「…」



すると信は箱を開けた



「これは」



まさかもしかしてと思った。



「結婚指輪だよ」



えと私はかなり驚いた。


「いいよね?俺、本気だよ?もう我慢できないんだ」

「わかったわ」



結局OKしてしまった私だった。





「それじゃあ、私これで帰るわ。」

「え?」

「それじゃあ、また」



そう言いながら逃げるようにその場から立ち去って行った。そして私は家に帰り着いた。なんで突然、あんなこというのよと思った。でも実際は嬉しかった自分がいた。けど、けど。なんだか頭の中がパニック状態になりそうだった。

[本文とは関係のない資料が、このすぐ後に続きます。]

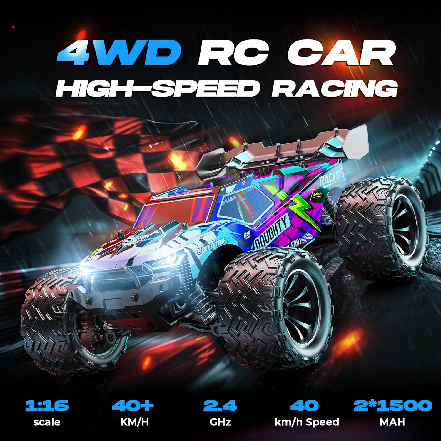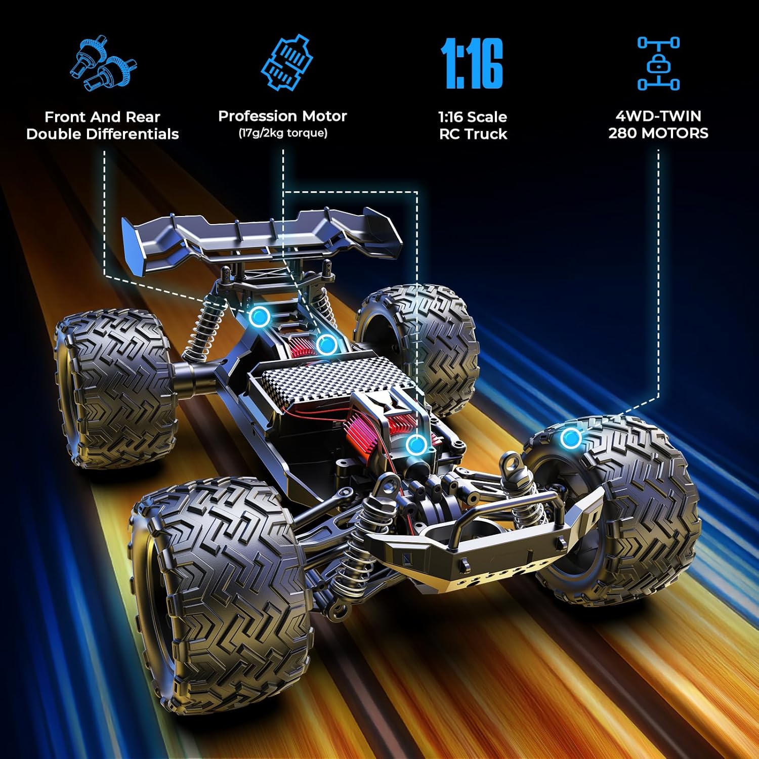 【سرعة قصوى تبلغ 40 كم/ساعة وقوة دفع رباعي】 جرب سباقًا مثيرًا عالي السرعة مع هذه السيارة التي تعمل بجهاز تحكم عن بعد بمقياس 1:16 التي تصل إلى سرعات تصل إلى 40 كم/ساعة، وتتميز بنظام دفع رباعي قوي للحصول على أقصى قدر من الجر والتحكم في أي تضاريس.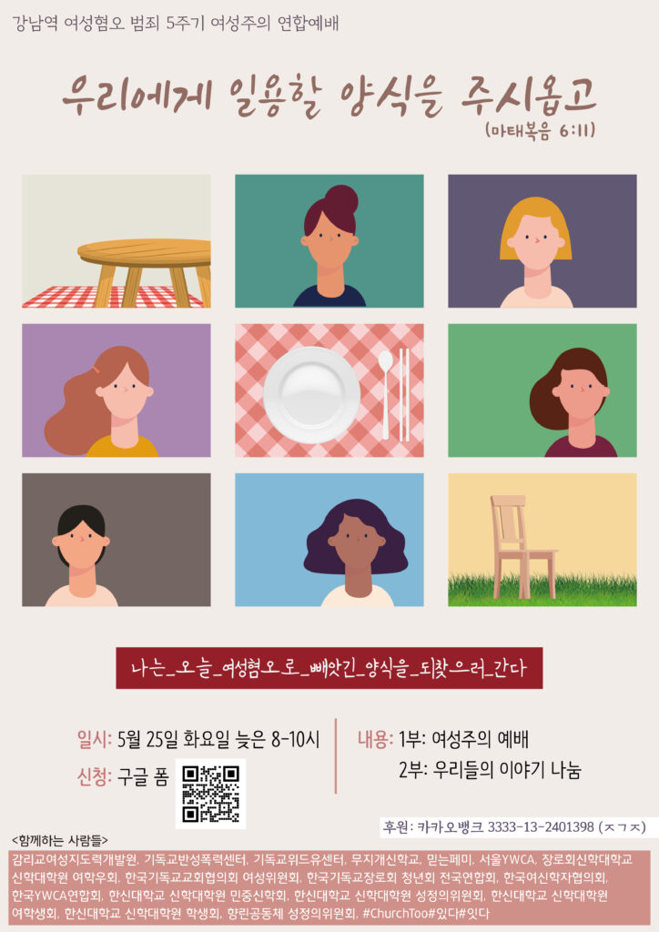 2017년부터 여러 단위가 연합하여 드려온 추모예배를 올해는 “우리에게 일용할 양식을 주시옵고”라는 주제로 함께 예배하고자 합니다. 예배를 통해 차별과 폭력, 여성혐오로 빼앗긴 우리의 양식을 되찾고, 이를 통해 치유와 회복을 누릴 수 있는 시간이 되기를 바랍니다. 예배 참여를 원하시는 분들은 아래 신청서를 작성하여 제출해주세요. 신청하신 분들께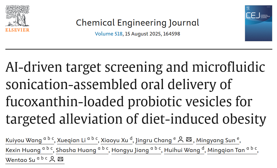 近期,大连工业大学食品学院苏文涛教授团队创新性结合AI驱动靶点筛选与微流控超声技术,成功构建载岩藻黄素的乳酸杆菌来源细胞外囊泡口服递送系统(LCEV@Fx),系统验证了其在调控脂质代谢、缓解饮食诱导肥胖及改善肝脂肪变性方面的显著效果与作用机制。相关研究以“AI-driven target screening and microfluidic sonication-assembled oral delivery of fucoxanthin-loaded probiotic vesicles for targeted alleviation of diet-induced obesity”为题目,发表在期刊《Chemical Engineering Journal》上。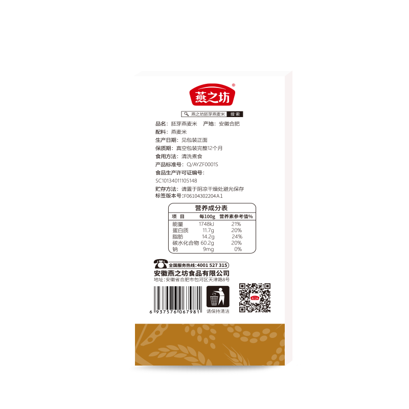 燕之坊 435g*20盒/件 燕之坊胚芽燕麦米435g/袋 (单位:袋) 燕之坊胚芽燕麦米435g/袋

「結局逃げて来ちゃったけど。信。気にしちゃってるかなあ?」



はあー



「お兄ちゃん」



私は思わず泣き出してしまった。なんだか、すごくせつない気持ちになっていた。和也のことがすごく恋しくなってきた。





会いたい、もう一度だけ



『ずっとそばにいるよ』



一瞬、誰かの声が。!この声は和也!和也の声だった


「おっお兄ちゃん?」



そう思いながら私は後ろに振り返ってみた。



『ああ』



と突然、私の目の前に。死んだはずの和也が現れた。あの頃と変わらない優しい笑顔で笑っていた。



「お兄ちゃん」



と言いながら和也に抱き着こうとした。しかし、透明なので抱き着くことは不可能だった。